Dan Doyle is not happy Lathrop is discussing flood issues behind closed doors.
The Lathrop landowner– a regular fixture at Lathrop city council meetings anytime something on the agenda comes within a stone’s throw of his Dos Reis Road parcel – went to one of the meetings to see exactly what the city’s plan was moving forward, he was met with not just a cold shoulder, but the cold vinyl paint as the door was squarely shut in his face.
Doyle wasn’t a happy camper.
But according to Lathrop City Attorney Salvador Navarrete, the city had no obligation to hold the door open for Doyle or anybody else in the public at this juncture – especially since there weren’t three members of the council present to discuss city business behind closed doors. Since no open meeting laws were violated, Navarrete said that it was well within the city’s right to continue its fact-finding mission with the developers that have and are expected to continue funding the city’s response to Senate Bill 5. It is a statewide venture that will force cities that have at least some portion of their sphere of influence fall within the 200-year flood plain to overhaul existing levees if they plan on continuing development.

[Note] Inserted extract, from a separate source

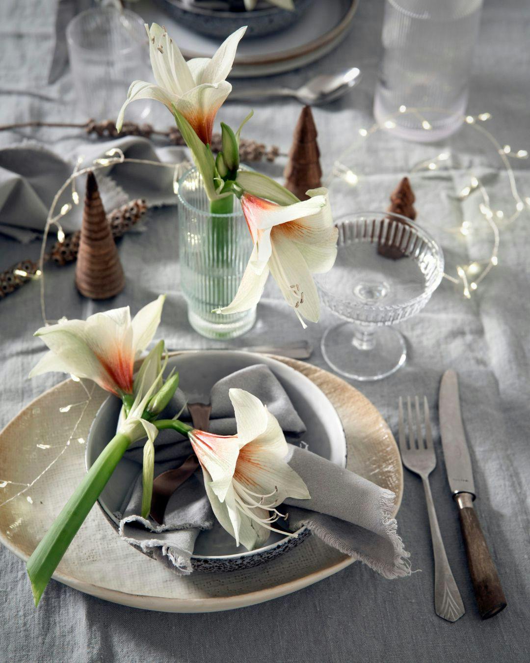 Amaryllis både dufter skønt og er overdådig smuk i vaser. Du kan også bruge dem som bordpynt ved blot at skære stænglerne korte og lægge en enkelt på hver tallerken. Blomsterne kan sagtens ligge og pynte i op til en halv dag uden vand, da stænglerne er gode til at holde på væsken. Vil du spare på blomsterne, kan du nøjes med at bruge et enkelt blomsterhoved pr. tallerken i stedet for en stængel med flere blomster.

Lathrop has used a fund setup and paid for by developers to cover some of the early engineering work required to formulate an SB5 strategy. Doing the actual work to the levees — converting them into the “super levees” that first burst onto the scene when River Islands did the world voluntarily to ease fears of government regulators and prospective homeowners — will take an excessive amount of money and likely be a multi-city effort.